I also really like Ubuntu. Of course, any Linux version is admirable. and Ubuntu is more admirable than most.
I am just going to have a pointless rant about the branding – calling things ethnic-sounding names to make perfectly good and worthy things sound just that bit more credible.
The wikipedia entry doesn’t do much to disspell any impulse to sneer at the Cuil name:
The Irish ancestry of Anna Patterson’s husband Tom Costello sparked the name Cuil, which the company states is taken from a series of Celtic folklore stories involving a character called Finn McCuill. The company says that Cuil is Irish for knowledge and hazel.

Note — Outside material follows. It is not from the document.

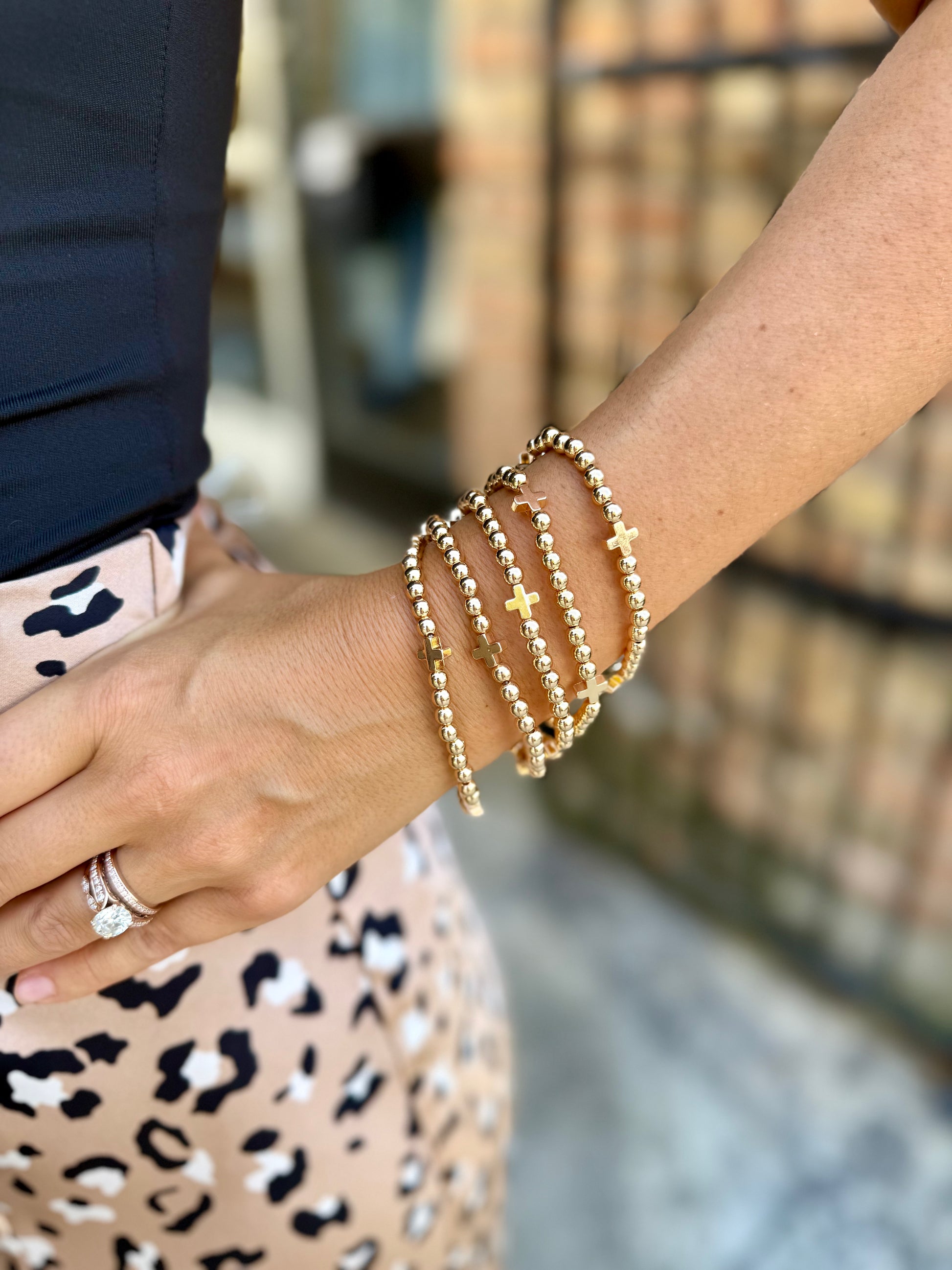 Elevate your wrist game with the Longo 5 Row Cross Bracelets in gold. Combining shiny metal beads and a stretch design, this playful set slips on easily and stacks perfectly for a bold, fun look that moves with you.

That’s “Irish ancestry” in the sense of “American Irish”, then? (One Irish great-great grandparent and an Irish surname qualify any American as Irish. Although I remain to be convinced that Costello really counts, here….)
Wikipedia does some serious undercutting of the legitimacy of the Irish ethnic explanation for the brandname, from a standpoint of linguistics. Which feeds my instinctive prejudice against the word, the spelling and its supposed “cool” pronunciation.
I used to get riled every time I saw claims that Ubuntu was the “African word for” something, as if Africa didn’t have more languages than any other continent in the world.
Ubuntu is an African word meaning ‘Humanity to others’, or ‘I am what I am because of who we all are’. The Ubuntu distribution brings the spirit of Ubuntu to the software world. (from Ubuntu.com)
I have to turn my pedantry against myself. That said “An African word for” not “The African word for”. Maybe I have been misjudged Unbuntu. I do a cuil search for “ubuntu is african for.” The first page is whole string of official ubuntu links, none of which say it is the African word for anything. In fact, many of the definitions that turn up are reasonably precise, a Zulu word and a South African philosophy.
My bad. I must have imagined the “African word for” phrase, misremembering the blurb from the old distro I have somewhere.
But google and cuil do both unveil an apparent subgenre of geek humour based on the misremembered “Ubuntu is African for”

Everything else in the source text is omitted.